__WHAT NEEDS TO BE DONE__. There are pictures in the records below; leave them out and set down exactly the lines from the one holding "介紹說是伊萊克斯的獨家設計,這個藍色的轉" through the one holding "Conjunto para vinho".

__MATERIAL PROVIDED__.
########################################
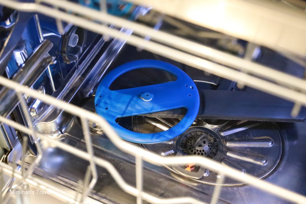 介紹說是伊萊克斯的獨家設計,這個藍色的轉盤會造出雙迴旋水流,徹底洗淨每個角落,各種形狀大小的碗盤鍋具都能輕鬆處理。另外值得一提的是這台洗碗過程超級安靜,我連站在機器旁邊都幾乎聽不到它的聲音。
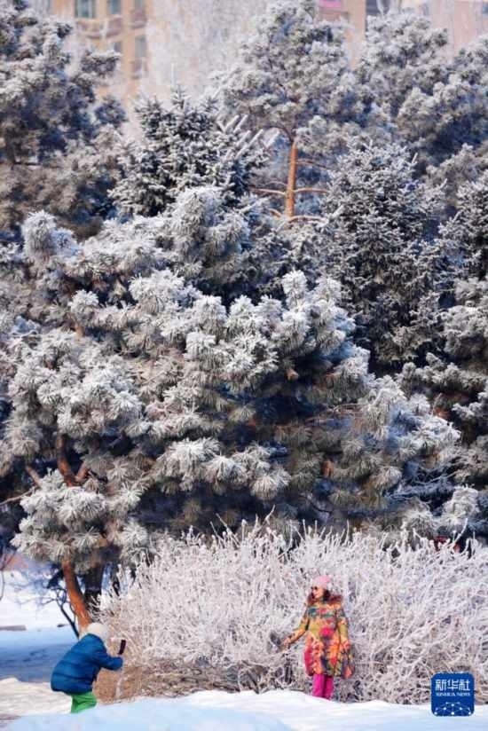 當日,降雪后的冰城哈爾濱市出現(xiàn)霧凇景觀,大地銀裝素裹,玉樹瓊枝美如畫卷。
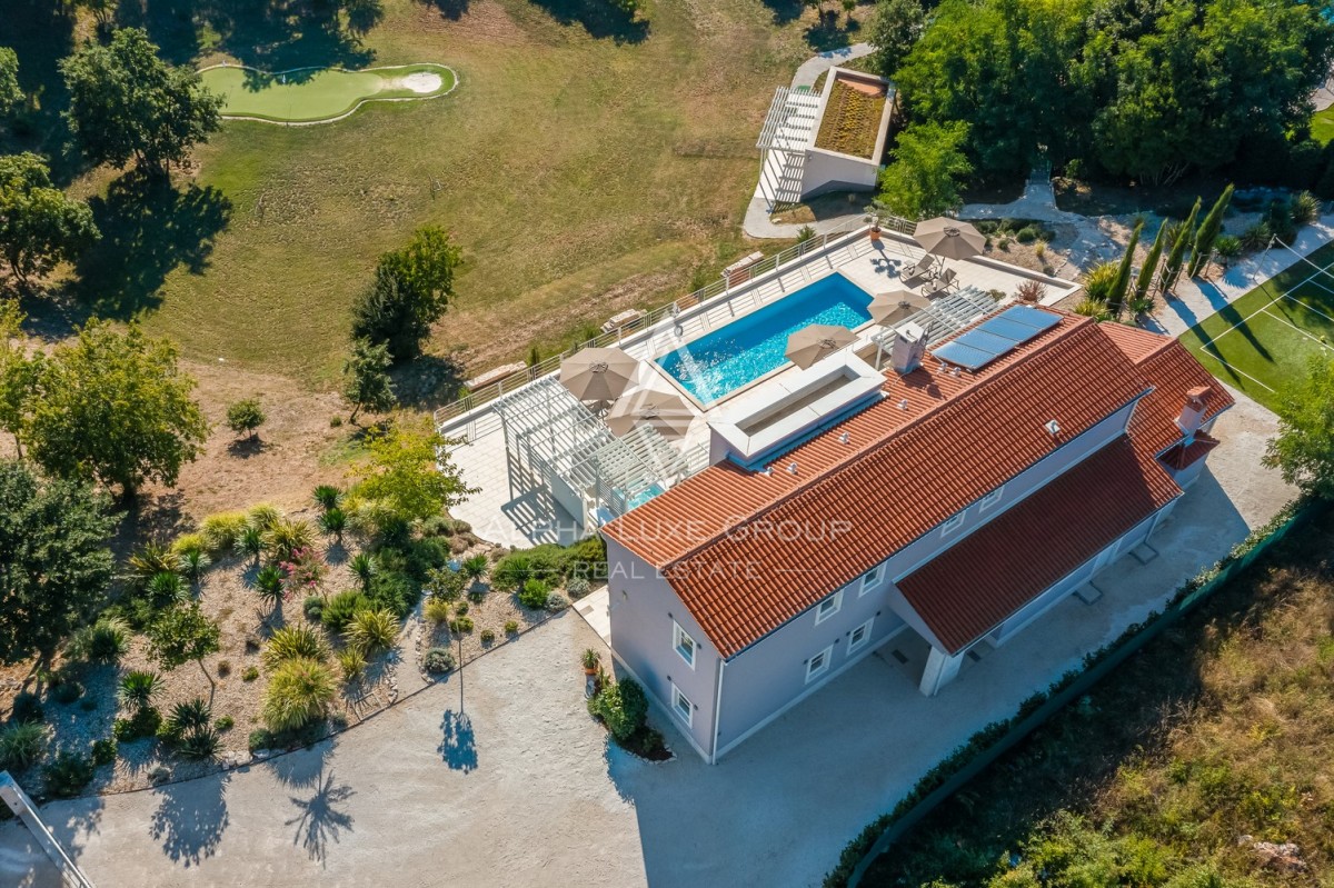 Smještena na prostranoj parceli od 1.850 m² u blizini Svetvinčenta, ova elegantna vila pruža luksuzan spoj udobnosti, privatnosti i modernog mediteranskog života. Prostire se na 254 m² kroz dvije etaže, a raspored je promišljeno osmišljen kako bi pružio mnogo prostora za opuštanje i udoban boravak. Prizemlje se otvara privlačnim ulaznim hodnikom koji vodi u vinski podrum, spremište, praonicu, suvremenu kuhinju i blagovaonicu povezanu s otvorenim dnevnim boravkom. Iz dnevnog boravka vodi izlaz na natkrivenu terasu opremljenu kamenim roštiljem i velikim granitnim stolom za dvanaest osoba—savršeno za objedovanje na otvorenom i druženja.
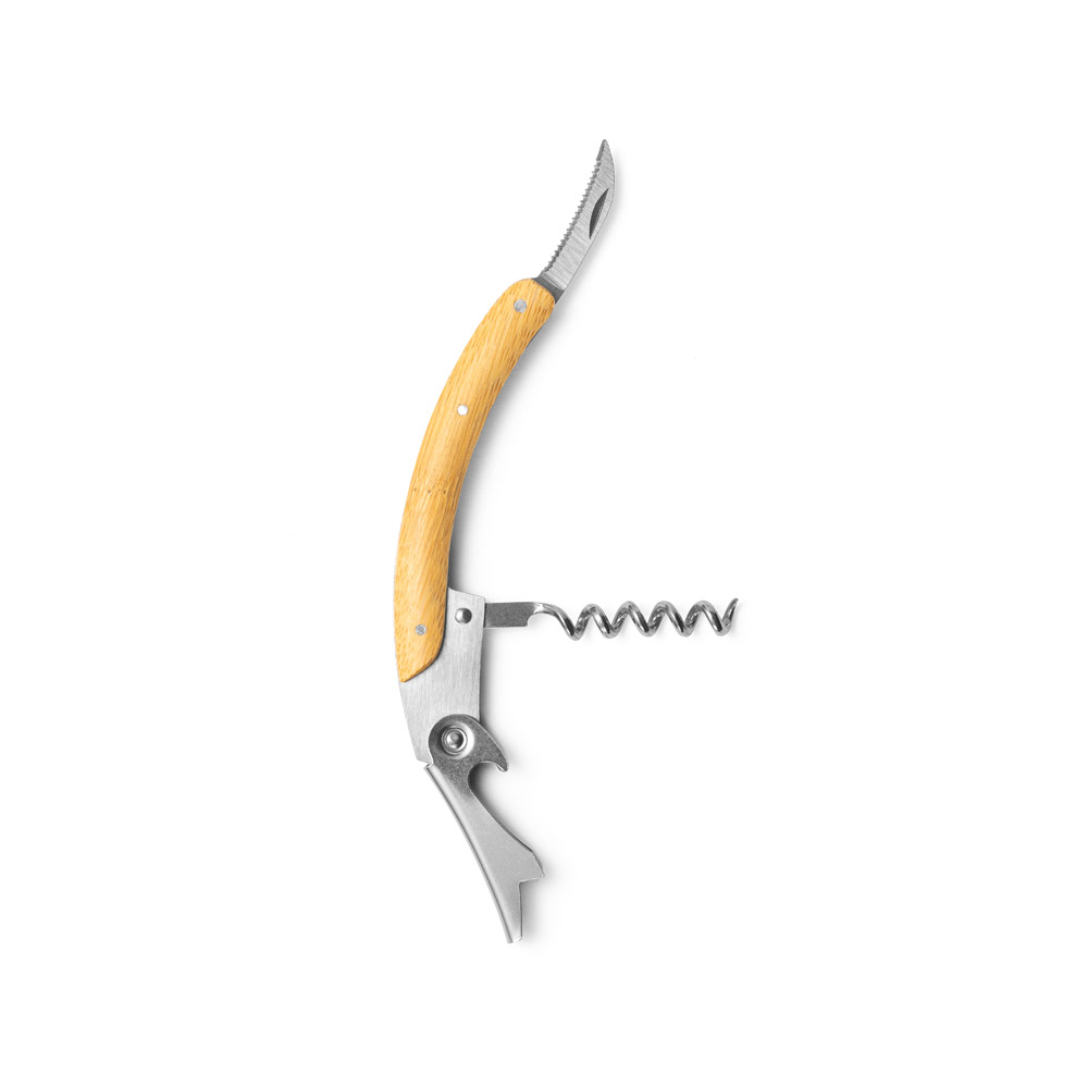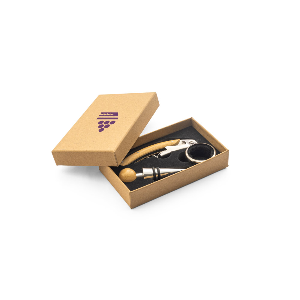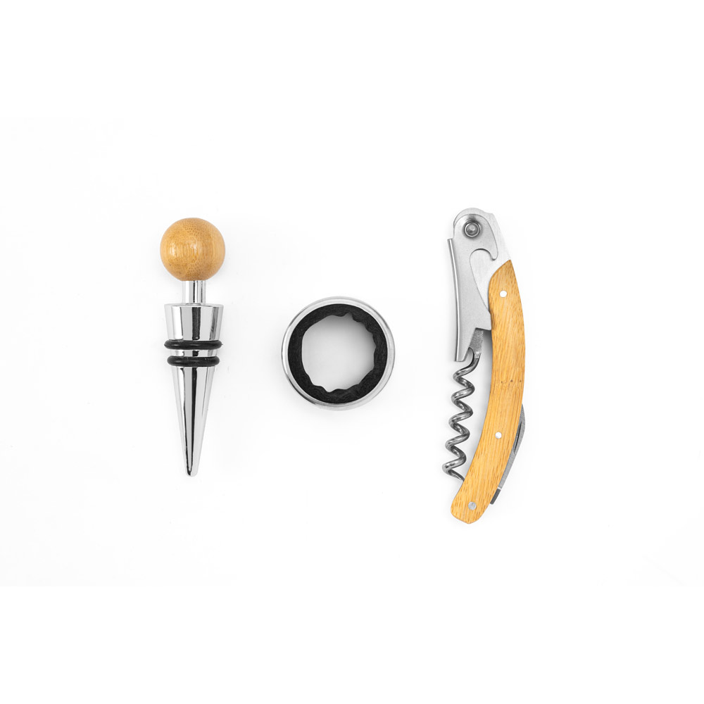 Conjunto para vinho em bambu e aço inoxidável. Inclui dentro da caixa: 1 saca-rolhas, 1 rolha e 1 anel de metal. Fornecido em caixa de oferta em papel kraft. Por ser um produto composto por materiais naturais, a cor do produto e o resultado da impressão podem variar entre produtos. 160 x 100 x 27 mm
########################################
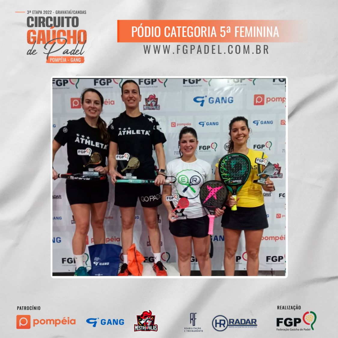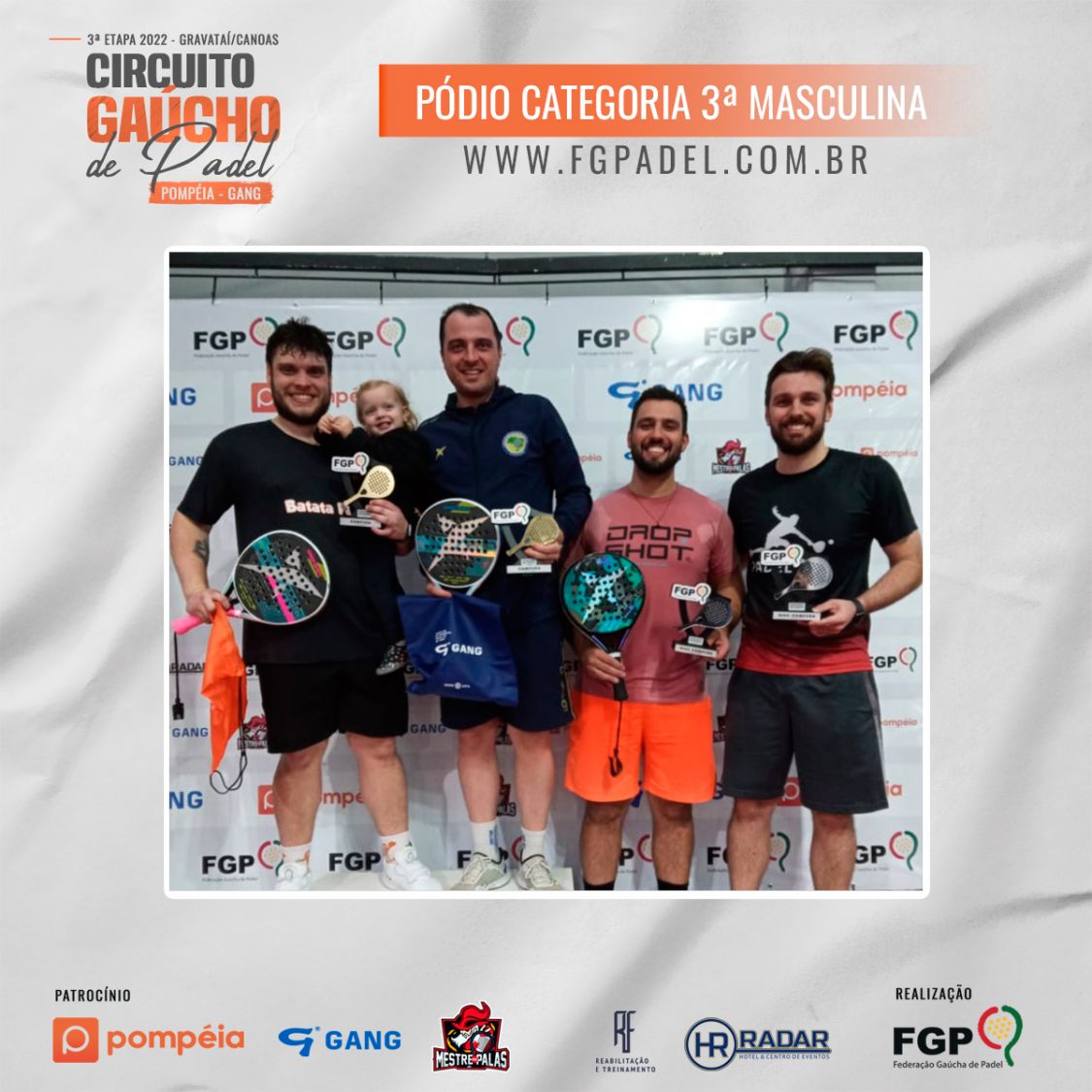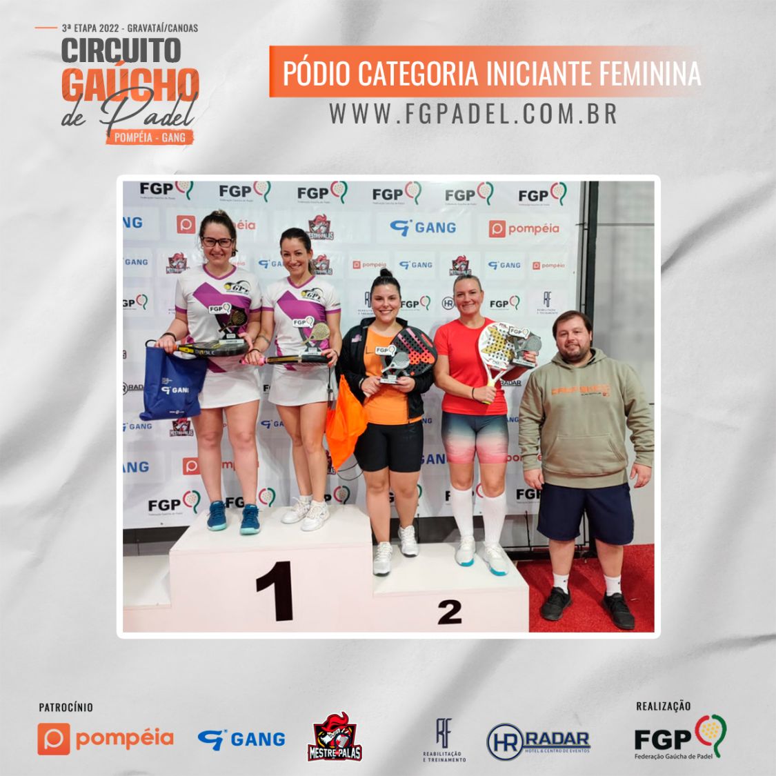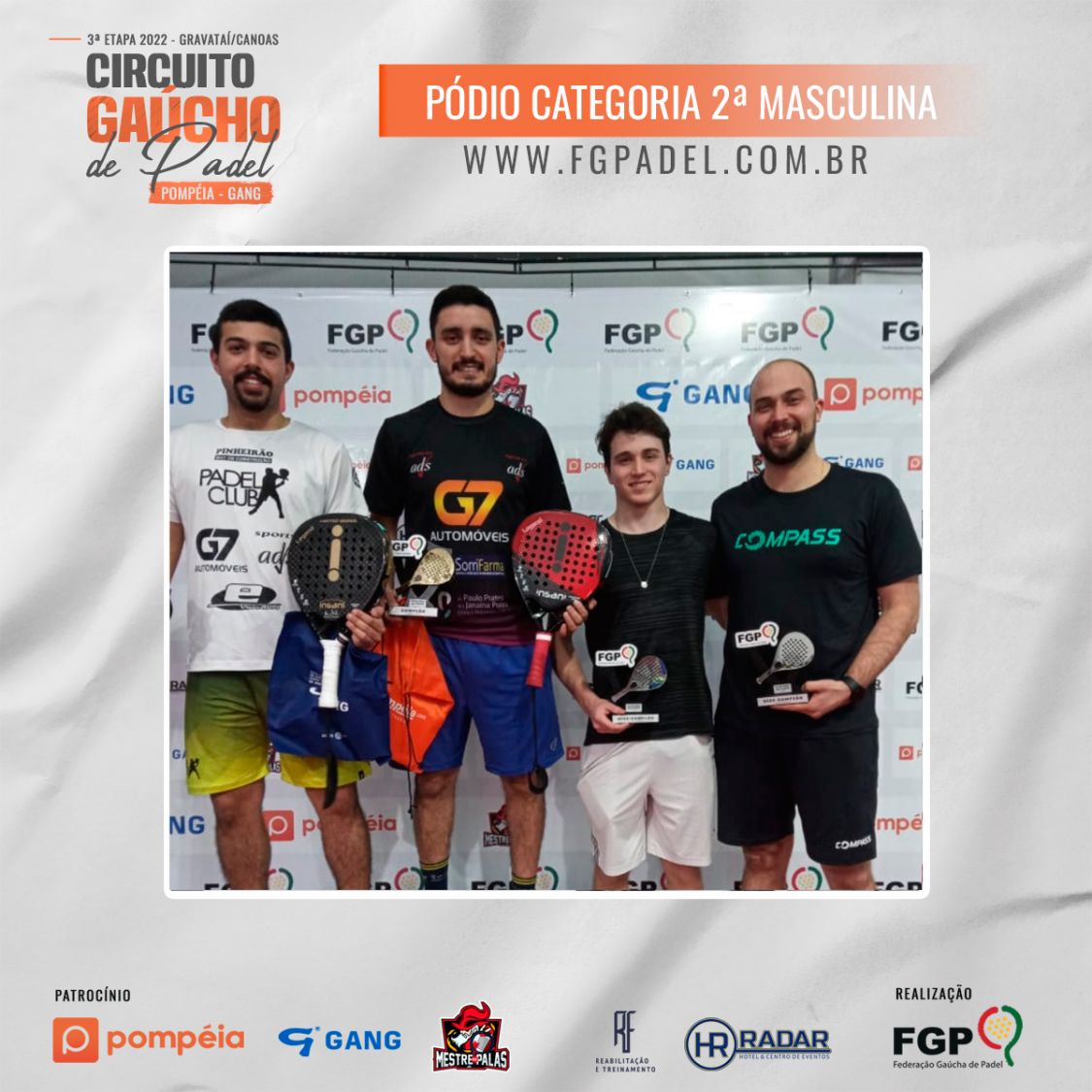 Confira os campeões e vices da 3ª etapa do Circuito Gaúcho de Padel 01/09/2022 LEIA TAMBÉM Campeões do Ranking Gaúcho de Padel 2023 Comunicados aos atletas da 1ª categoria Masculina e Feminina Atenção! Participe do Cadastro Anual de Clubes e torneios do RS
########################################
__PROBLEM SOLUTION__.
 介紹說是伊萊克斯的獨家設計,這個藍色的轉盤會造出雙迴旋水流,徹底洗淨每個角落,各種形狀大小的碗盤鍋具都能輕鬆處理。另外值得一提的是這台洗碗過程超級安靜,我連站在機器旁邊都幾乎聽不到它的聲音。
 當日,降雪后的冰城哈爾濱市出現(xiàn)霧凇景觀,大地銀裝素裹,玉樹瓊枝美如畫卷。
 Smještena na prostranoj parceli od 1.850 m² u blizini Svetvinčenta, ova elegantna vila pruža luksuzan spoj udobnosti, privatnosti i modernog mediteranskog života. Prostire se na 254 m² kroz dvije etaže, a raspored je promišljeno osmišljen kako bi pružio mnogo prostora za opuštanje i udoban boravak. Prizemlje se otvara privlačnim ulaznim hodnikom koji vodi u vinski podrum, spremište, praonicu, suvremenu kuhinju i blagovaonicu povezanu s otvorenim dnevnim boravkom. Iz dnevnog boravka vodi izlaz na natkrivenu terasu opremljenu kamenim roštiljem i velikim granitnim stolom za dvanaest osoba—savršeno za objedovanje na otvorenom i druženja.
 Conjunto para vinho em bambu e aço inoxidável. Inclui dentro da caixa: 1 saca-rolhas, 1 rolha e 1 anel de metal. Fornecido em caixa de oferta em papel kraft. Por ser um produto composto por materiais naturais, a cor do produto e o resultado da impressão podem variar entre produtos. 160 x 100 x 27 mm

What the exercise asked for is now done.